Indeed, what is happening in India is not exclusive to it; in some ways the redistribution of wealth and its concentration at the upper end is happening in a major chunk of the planet we inhabit, following the same economic doctrines. The forms of popular resistance to it are also similar — outside the framework of the legal and institutional systems. The slogan “We are the 99 per cent” originated in New York as did the “Occupy Wall Street” movement, although it did not impact the U.S. polity substantially. But growing awareness of the inequities of the paths of growth around the world is in itself a significant phenomenon denoting a restlessness that is often a precursor to encompassing metamorphoses. Even now, a different regime of economy is being experimented within parts of Latin America, to an extent in Brazil, but especially in Venezuela.

Is IAC then seeking an overthrow of the system of democracy that has evolved in India over the past 60-odd years? At any rate, is it possible at all to do that? Not quite; neither of these. The fact that a branch of IAC, led by Arvind Kejriwal, will participate in elections and seek the popular mandate to govern, should put paid to any suspicion on that score.
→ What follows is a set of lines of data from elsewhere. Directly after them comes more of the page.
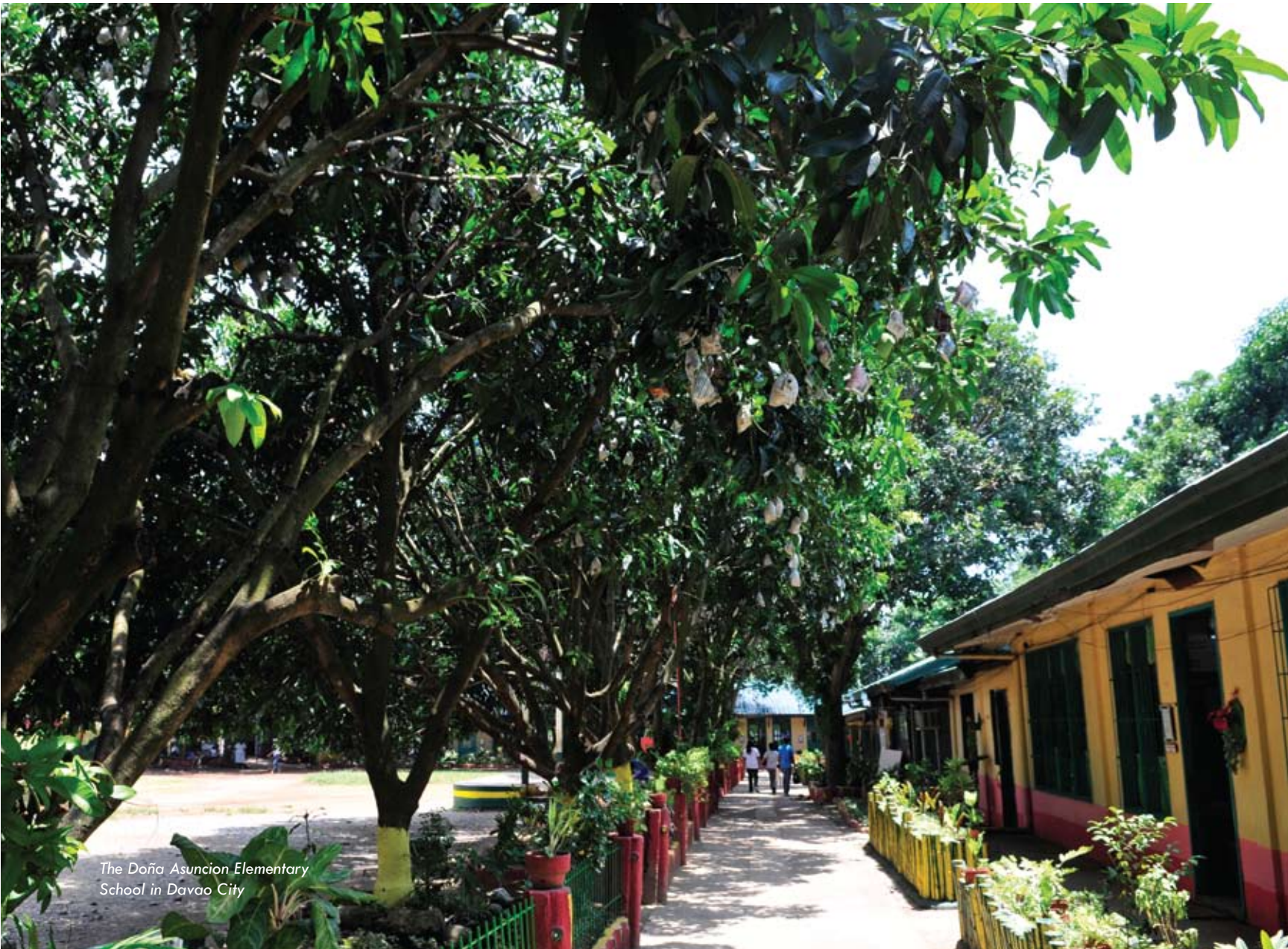
The Doña Asuncion Elementary School in Davao City

Total peso worth of books donated to schools in Mindanao and Visayas
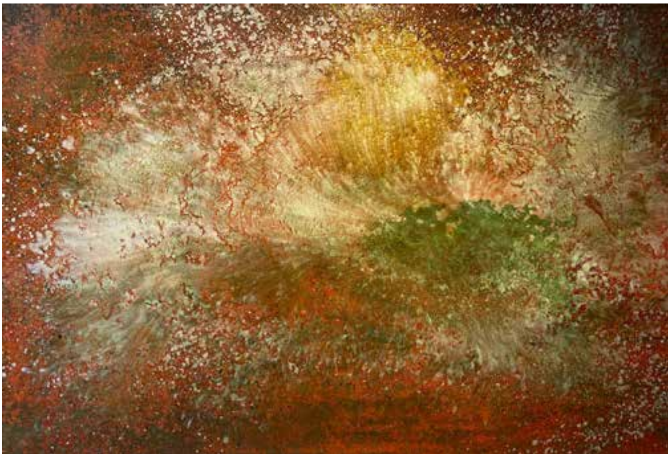
THE UNKNOWN OIL ON CANVAS / 180 X 120 CM
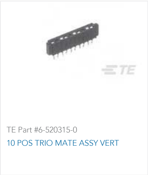
TE Part #6-520315-0 10 POS TRIO MATE ASSY VERT
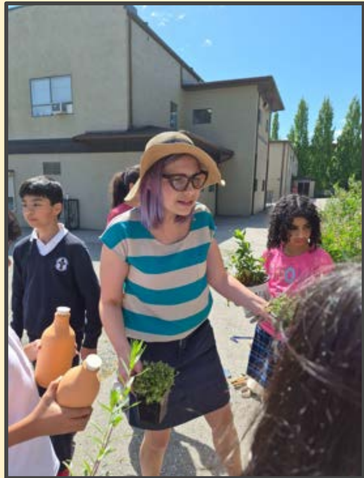
The eco kids busy preparing a beautiful school garden.

Right from the days of Anna Hazare’s fast at Jantar Mantar last year, the loud cry being heard was that he is undermining the country’s hallowed democratic institutions, although he would have found the competition to do so with elected representatives very hard to win. Not allowing Parliament to function when you do not have a majority does not quite enhance the spirit of democracy, and lest we forget, no party has patented an exclusive right to this practice. IAC’s actions on the streets and in public places, often verging on the absurd, highlight the conflict that has got entrenched between the institutions of governance and the aspirations of the people, contrary to the very premise of democracy which emphasises a symbiosis between the two. The movement is a clarion call to the system as a whole to redefine the polity and the economy to restore the symbiosis so crucial to an orderly functioning; it is a call for reforming from within rather than the threat of an overthrow.

(Harbans Mukhia was a professor of history at Jawaharlal Nehru University, Delhi.)